Nature Medicine recently confirmed that processed sugar is one of the primary driving forces behind the growth and spread of cancer tumors. The results were so conclusive, in fact, that future cancer screening may rely on scanning the body for accumulated sugar for signs of the disease.
The University College London (UCL) in the U.K. made this discovery after experimenting with a new cancer detection method that involves utilizing a unique form of magnetic resonance imaging (MRI). The scientists sensitized a MRI scanner to look specifically for glucose in the body, and it revealed that cancer tumors – which have been shown to feed off sugar – light up brightly as they contain high amounts of sugar.

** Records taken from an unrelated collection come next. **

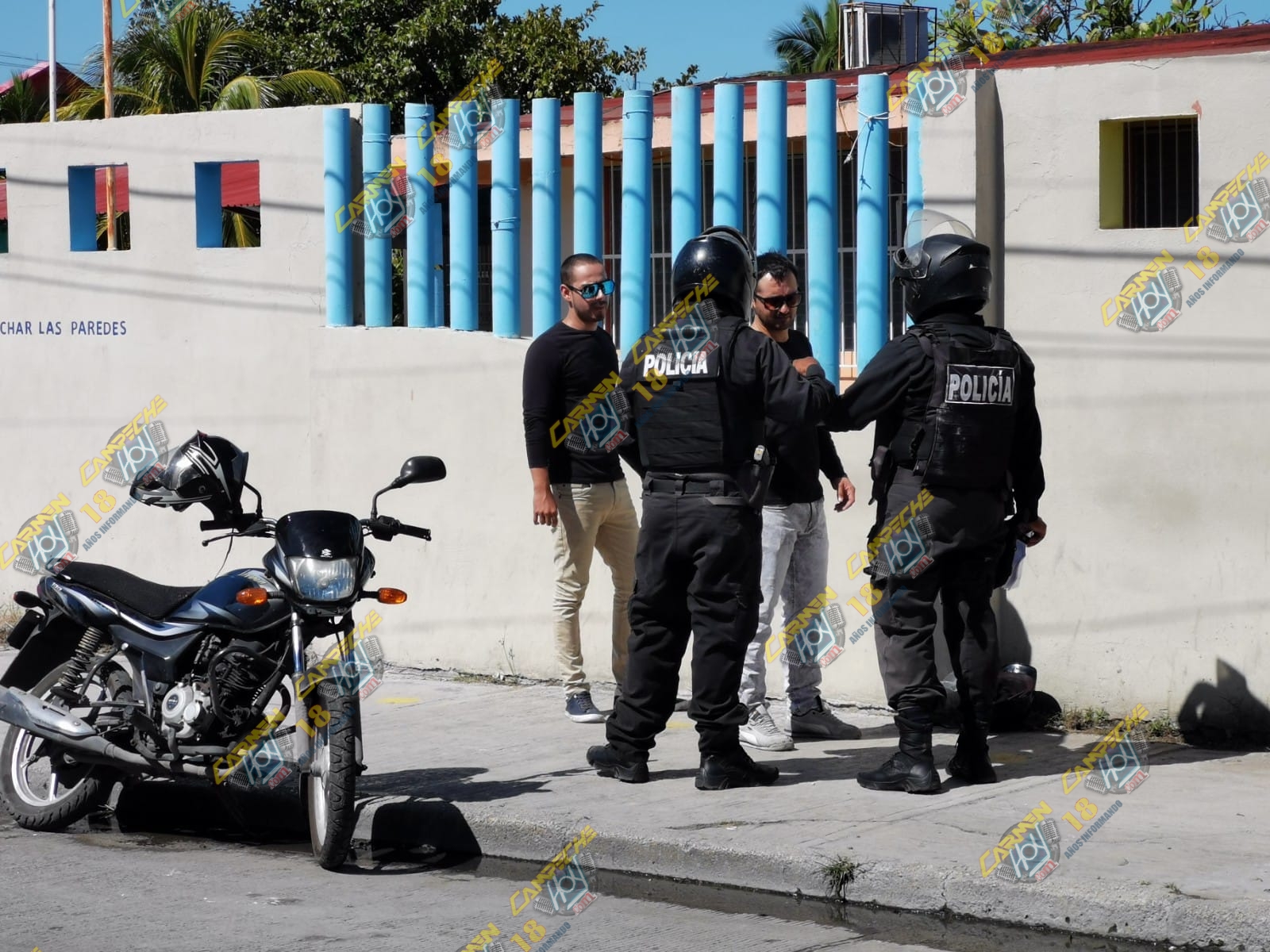 Fue cerca de las 11:50 horas la mañana de hoy jueves, que dos jóvenes de origen colombiano que se desplazaban en una motocicleta Platina, color negro con matrícula de circulación 87CTX6 del estado de Campeche al ir circulando sobre la calle Vicente Guerrero por avenida Periférica Norte de la colonia antes mencionada, fueron interceptados por agentes motorizados de dicha corporación, los jóvenes fueron puestos contra la pared de un kinder y revisadas sus pertenencias.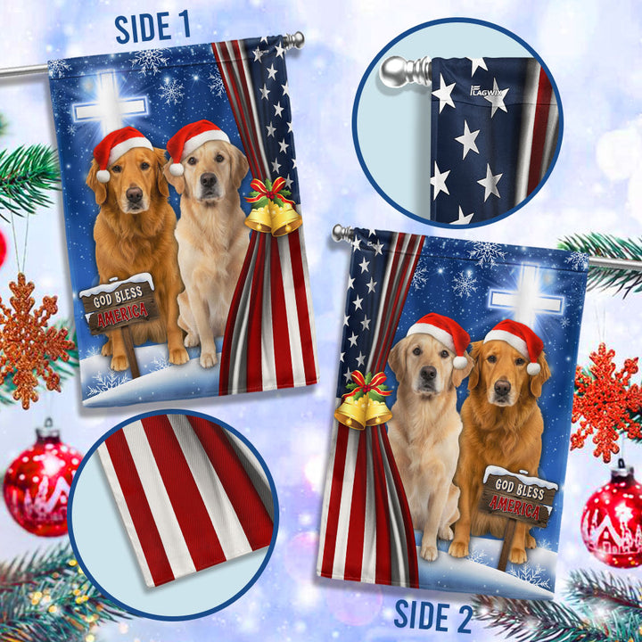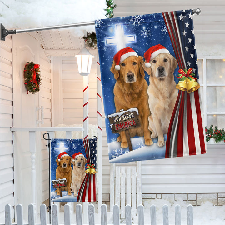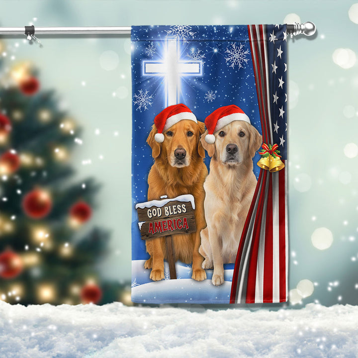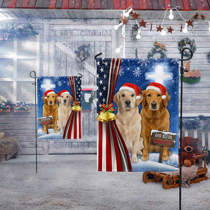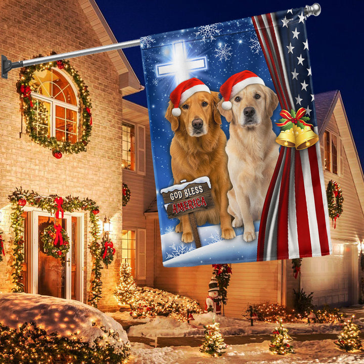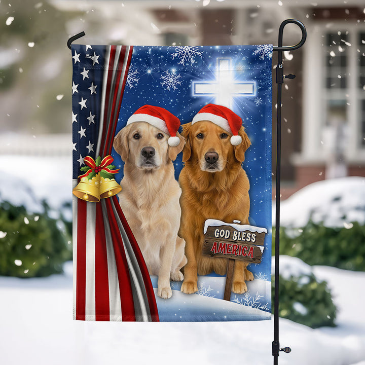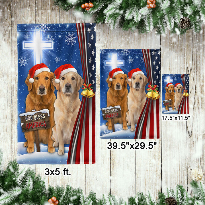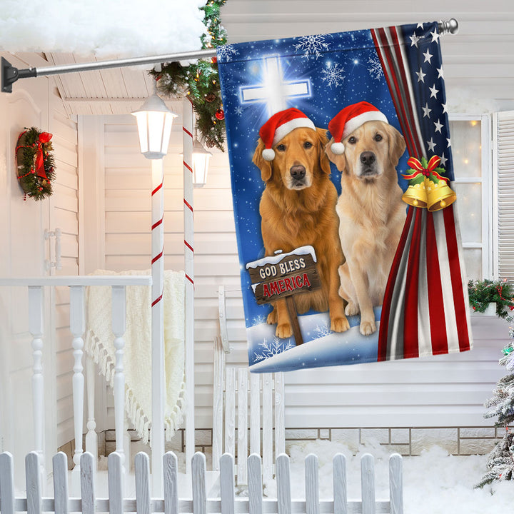 Yellow and Brown Golden Retrievers Flag | God Bless America US Flag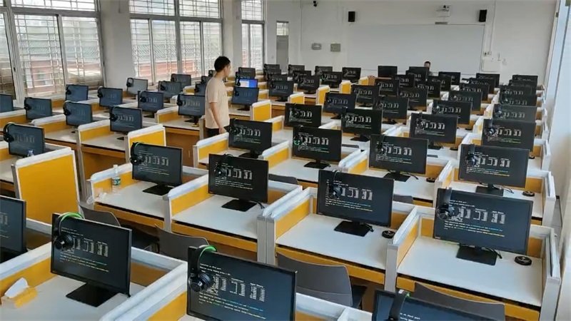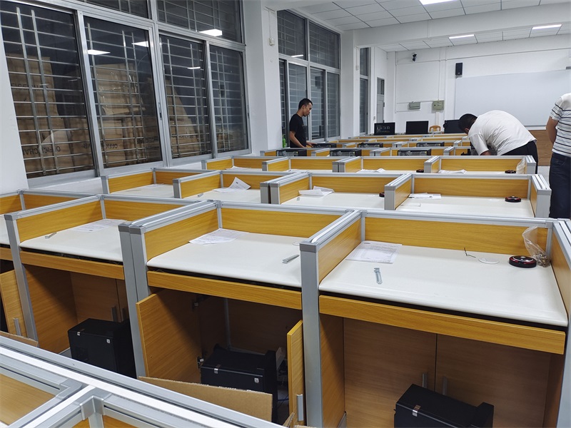 根據梅州市興寧中學對計算機室的使用需求,方方智能對該計算機室進行了升級改造,設計了一套可以升降的智能升降屏風桌,每個座位都有可升降的屏風,考試時屏風升起后可有效的隔斷相鄰人的正常視線,防噪音效果,可達到互不干擾的作用,當屏風降下時,可以用于學生日常上課使用。實現了一室多用、考學合一。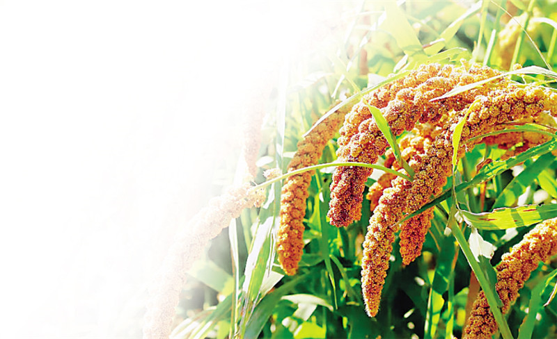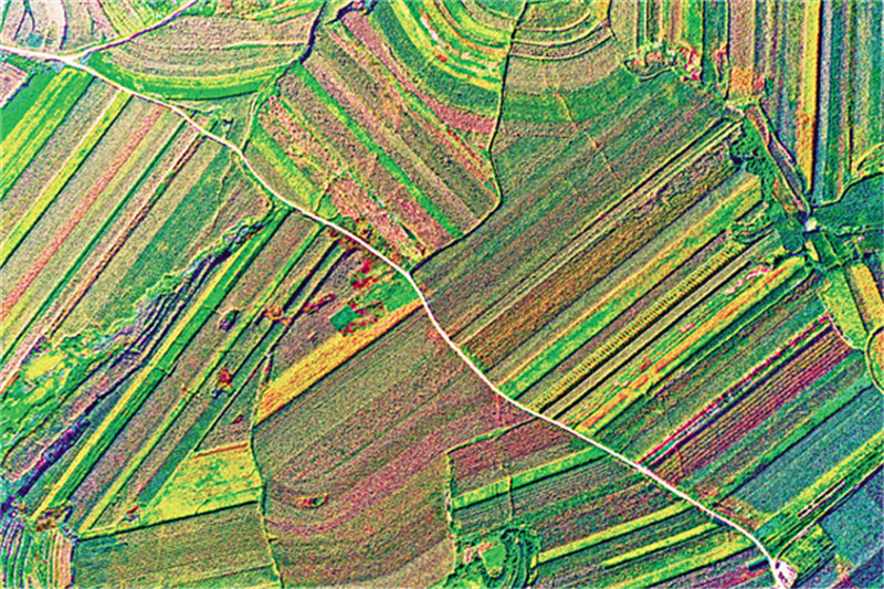 (正待收割的粮食谷物构成五彩斑斓的图画。 摄影:大连新闻传媒集团记者 吕文正)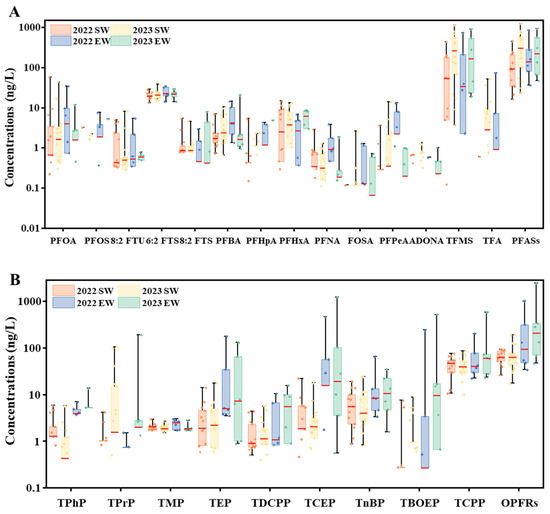 Concentrations of the PFASs (A) and OPFRs (B) in the upper Yangtze River in 2022 and 2023. SW: surface water, EW: effluent wastewater. Box charts (bottom to top) presented the 5th, 25th, 50th, 75th, and 95th percentile values. The absence of a box indicates that the detection rate of the compound is less than 50%.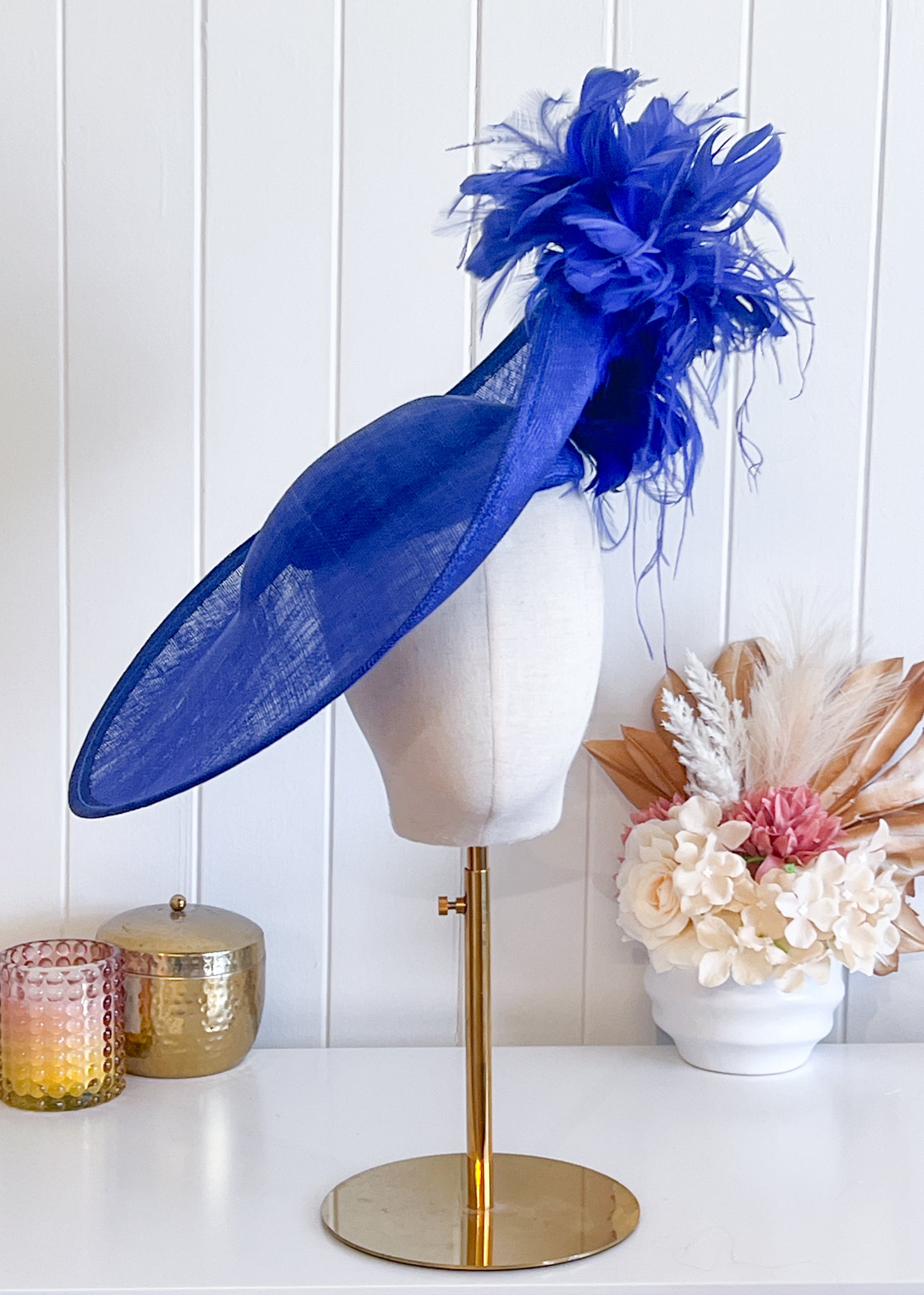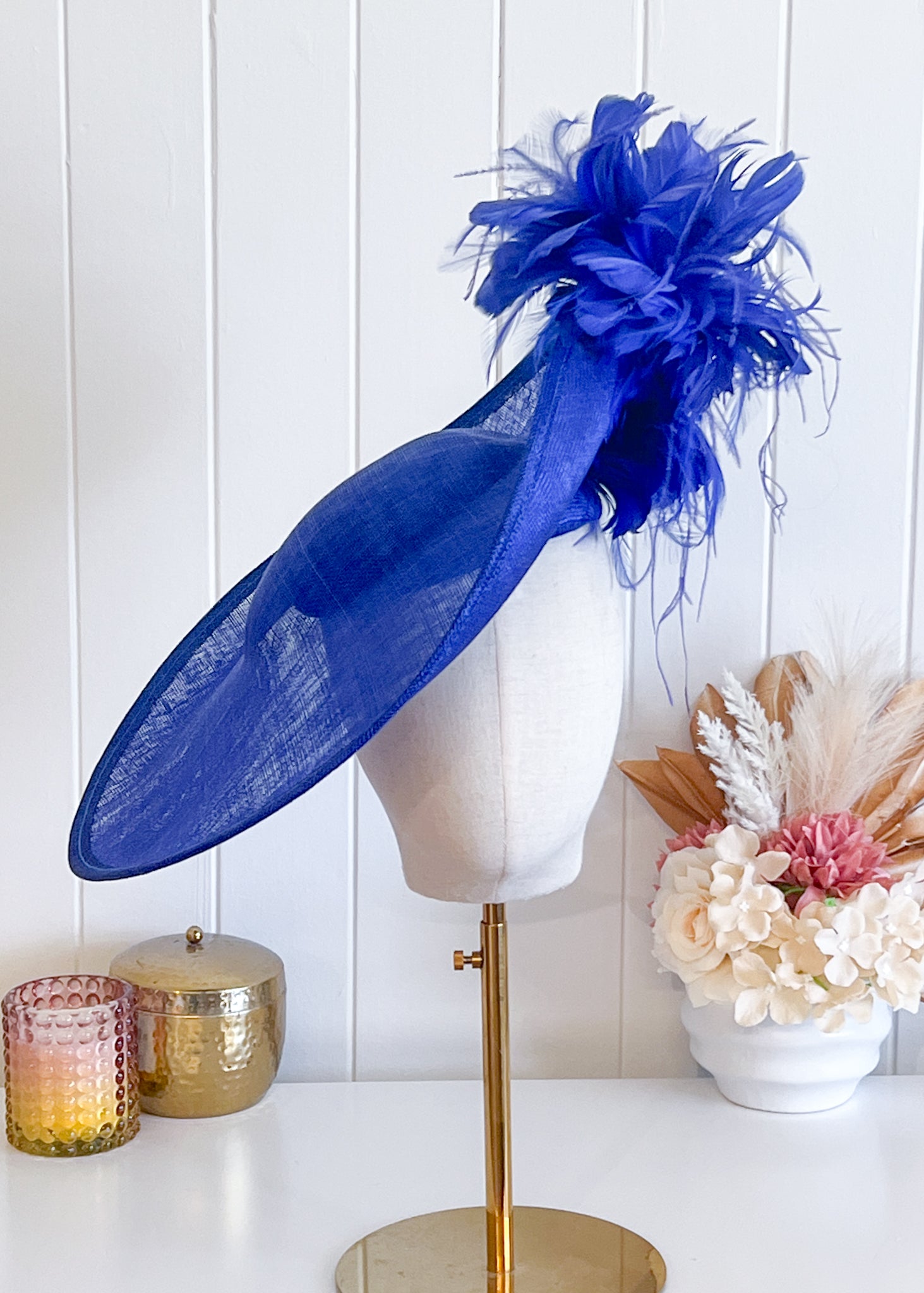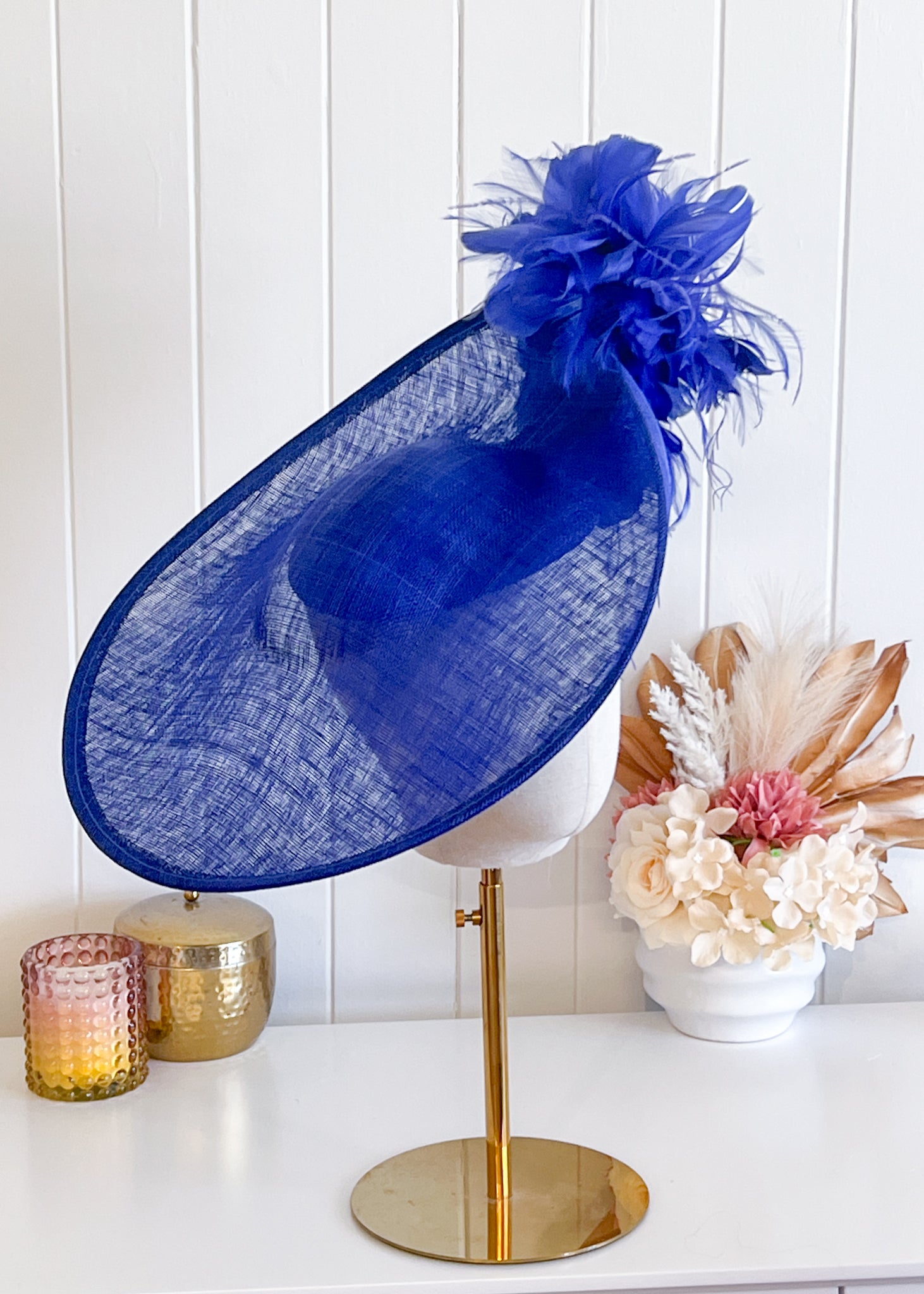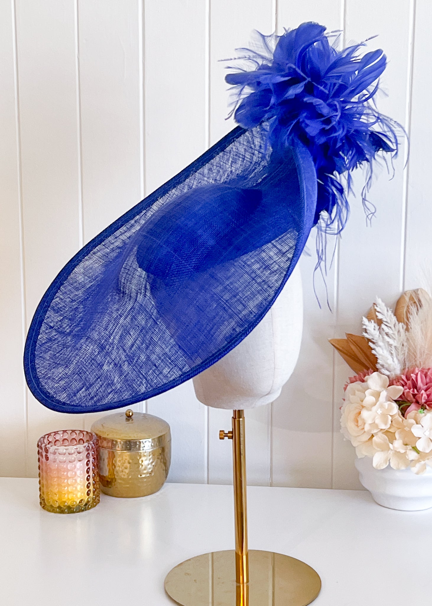 This headpiece features a large sloping sinamay brim, which tilts attractively to one side.

Explained by a recent UCL announcement, “The new technique, called ‘glucose chemical exchange saturation transfer’ (glucoCEST), is based on the fact that tumors consume much more glucose (a type of sugar) than normal, healthy tissues in order to sustain their growth.” On the update given by the university, it was noted that tumors appear as “bright images” on the scanner.
When traditionally scanning for cancer, the use of low-dose radiation injections are used to identify the presence of tumors. This makes sense, as radiation is another known cause of cancer, but such an injection is not optimal due to its potential side effects. However, this method works because the things that trigger and promote cancer to develop and spread can also be used by doctors to detect it inside the body. And sugar can now officially be added to that list.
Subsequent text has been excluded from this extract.